§ **RECORDS TO PROCESS**:
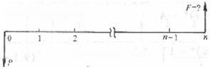 图9.1.3所示为现值向终值的等值变换。即已知P,i,n求F
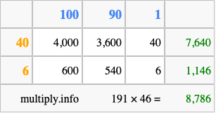 That's all there is to it! As you can see from the box above, the answer to 191 times 46 using the box method is 8,786.
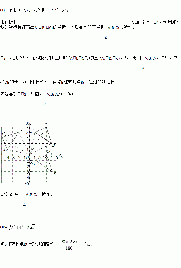 (2)将△ABC绕点O逆时针旋转90°,画出旋转后得到的△A2B2C2,并直接写出点A旋转到点A2所经过的路径长.
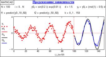 predict(Y,n,K), где n – степень полинома аппроксимации вектора равномерно распределенных данных Y, позволяет вычислить вектор К точек предсказания (экстраполяции) поведения произвольного сигнала за пределами его задания (по возрастанию координат х). Предсказание тем точнее, чем более гладкую форму имеет заданный сигнал. Пример использования функции приведен на рис.2.5 1 для гладкой и статистически зашумленной сигнальной кривой. Степень аппроксимирующего полинома определяет глубину использования входных данных и может быть достаточно небольшой для гладких и монотонных сигналов. Ошибка прогнозирования увеличивается по мере удаления от заданных данных.
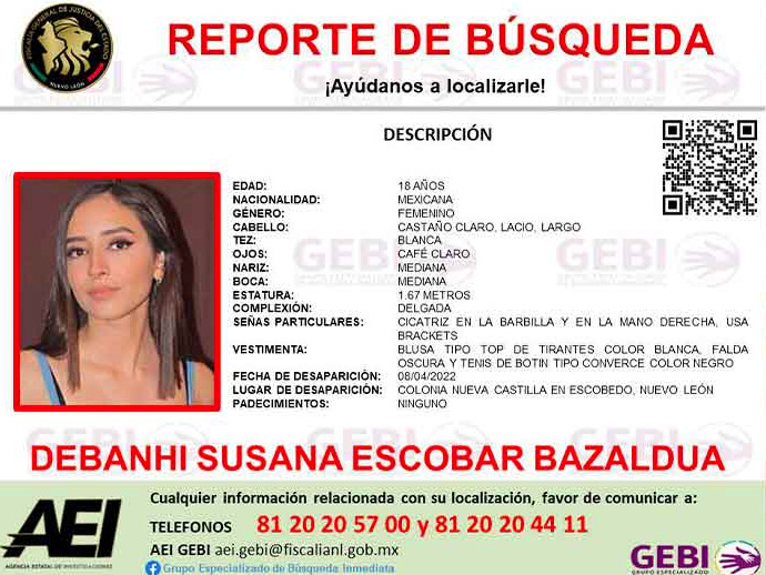 Días antes, el pasado 7 de abril, según informa la Fiscalía estatal, otra joven desaparecida, María Fernanda Contreras Ruiz, fue localizada muerta en una vivienda del municipio de Apodaca, también conurbado de la capital de Nuevo León.
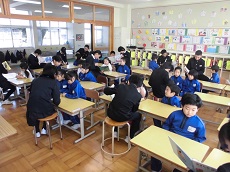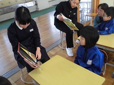 1年生に、6年生が朝自習の時間、読み聞かせをしてくれました。どの6年生もにこやかに読み聞かせをしてくれ、1年生はにこにこ顔です。朝の穏やかな、温かいひとときです。6年生の「おあしすの心」が感じられます。
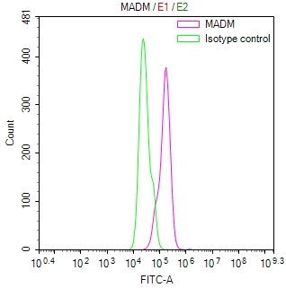Overlay Peak curve showing Hela cells stained with CSB-RA001273MA1HU (red line) at 1:400. The cells were fixed in 4% formaldehyde (15min) and permeated by 0.2% TritonX-100 for 10min. Then 10% normal goat serum was Incubated to block non-specific protein-protein interactions followed by the antibody (1μg/1*106cells) for 45 min at 4°C. The secondary antibody used was FITC-conjugated Goat Anti-Mouse IgG(H+L) at 1/200 dilution for 35 min at 4°C. Isotype control antibody (green line) was mouse IgG1 (1μg/1*106cells) used under the same conditions. Acquisition of >10, 000 events was performed.
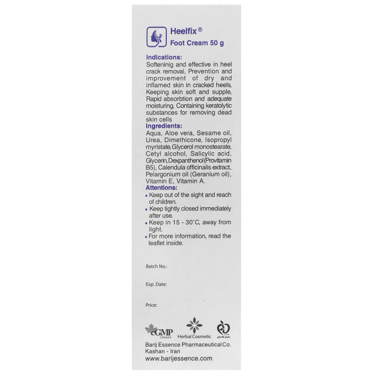 عوامل ایجاد ترک پااین عارضه در فصول سرد سال که هوا خشک تر می شود به وجود می آید و یا تشدید می شود. کرم ترک پا باریج اسانس با فرمولی ویژه و داشتن مواد موثره گیاهانی چون همیشه بهار ، ژرانیوم و آلوئه ورا واجد ویژگی های لازم برای پیشگیری و درمان خشکی و التهاب در ترک های پوستی بویژه ترک پاشنه پا می باشد.
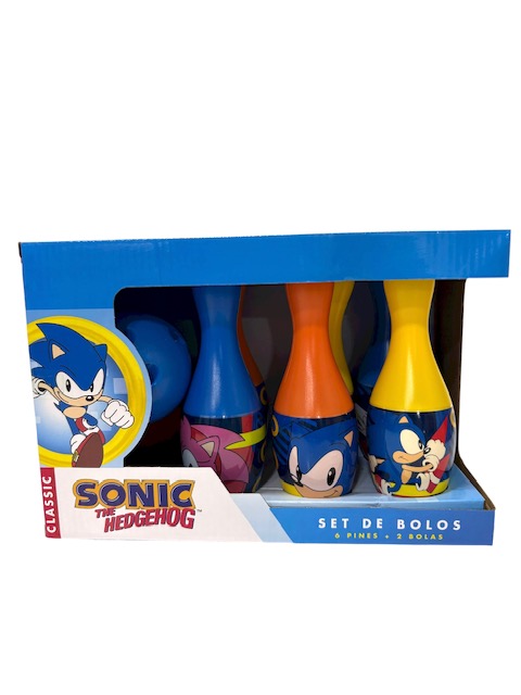Set de boliche con personajes de Sonic, con 6 piesas de pinos de PVC con 12 cm de altura y 2 bolas.
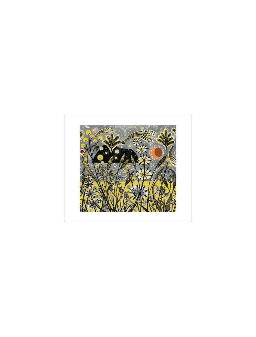 Island Celebrations linocut by Angie LewinThe single cards are 140mm x 170mm, are printed on matt felt board and the image area is embossed. They are packed with a buff coloured envelope in a biodegradable cello sleeve.
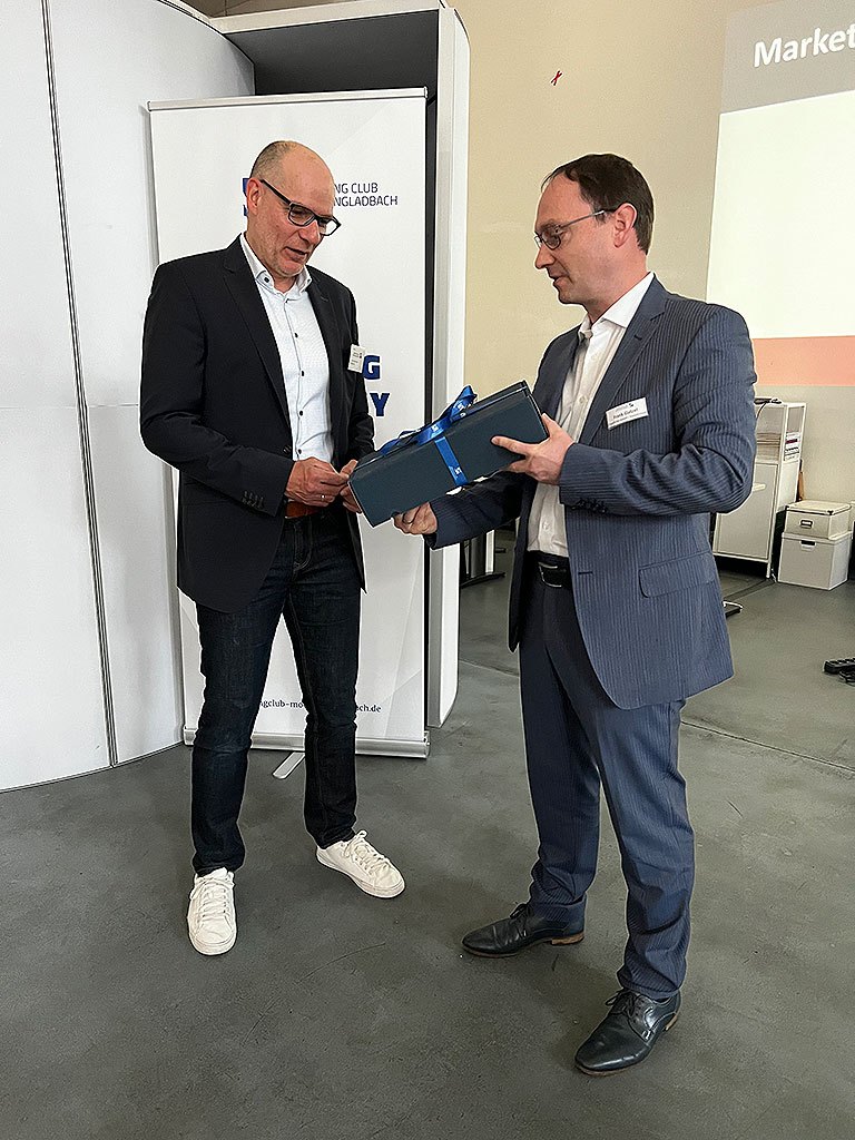Clubpräsident Frank Glatzel (re. im Bild) bedankt sich für den kurzweiligen Vortrag.

§ **TASK GOAL**:
The records above need retyping in full. Omit the pictures, and change nothing else.

§ **EXERCISE RESULT**:
 图9.1.3所示为现值向终值的等值变换。即已知P,i,n求F
 That's all there is to it! As you can see from the box above, the answer to 191 times 46 using the box method is 8,786.
 (2)将△ABC绕点O逆时针旋转90°,画出旋转后得到的△A2B2C2,并直接写出点A旋转到点A2所经过的路径长.
 predict(Y,n,K), где n – степень полинома аппроксимации вектора равномерно распределенных данных Y, позволяет вычислить вектор К точек предсказания (экстраполяции) поведения произвольного сигнала за пределами его задания (по возрастанию координат х). Предсказание тем точнее, чем более гладкую форму имеет заданный сигнал. Пример использования функции приведен на рис.2.5 1 для гладкой и статистически зашумленной сигнальной кривой. Степень аппроксимирующего полинома определяет глубину использования входных данных и может быть достаточно небольшой для гладких и монотонных сигналов. Ошибка прогнозирования увеличивается по мере удаления от заданных данных.
 Días antes, el pasado 7 de abril, según informa la Fiscalía estatal, otra joven desaparecida, María Fernanda Contreras Ruiz, fue localizada muerta en una vivienda del municipio de Apodaca, también conurbado de la capital de Nuevo León.
 1年生に、6年生が朝自習の時間、読み聞かせをしてくれました。どの6年生もにこやかに読み聞かせをしてくれ、1年生はにこにこ顔です。朝の穏やかな、温かいひとときです。6年生の「おあしすの心」が感じられます。
Overlay Peak curve showing Hela cells stained with CSB-RA001273MA1HU (red line) at 1:400. The cells were fixed in 4% formaldehyde (15min) and permeated by 0.2% TritonX-100 for 10min. Then 10% normal goat serum was Incubated to block non-specific protein-protein interactions followed by the antibody (1μg/1*106cells) for 45 min at 4°C. The secondary antibody used was FITC-conjugated Goat Anti-Mouse IgG(H+L) at 1/200 dilution for 35 min at 4°C. Isotype control antibody (green line) was mouse IgG1 (1μg/1*106cells) used under the same conditions. Acquisition of >10, 000 events was performed.
 عوامل ایجاد ترک پااین عارضه در فصول سرد سال که هوا خشک تر می شود به وجود می آید و یا تشدید می شود. کرم ترک پا باریج اسانس با فرمولی ویژه و داشتن مواد موثره گیاهانی چون همیشه بهار ، ژرانیوم و آلوئه ورا واجد ویژگی های لازم برای پیشگیری و درمان خشکی و التهاب در ترک های پوستی بویژه ترک پاشنه پا می باشد.
Set de boliche con personajes de Sonic, con 6 piesas de pinos de PVC con 12 cm de altura y 2 bolas.
 Island Celebrations linocut by Angie LewinThe single cards are 140mm x 170mm, are printed on matt felt board and the image area is embossed. They are packed with a buff coloured envelope in a biodegradable cello sleeve.
Clubpräsident Frank Glatzel (re. im Bild) bedankt sich für den kurzweiligen Vortrag.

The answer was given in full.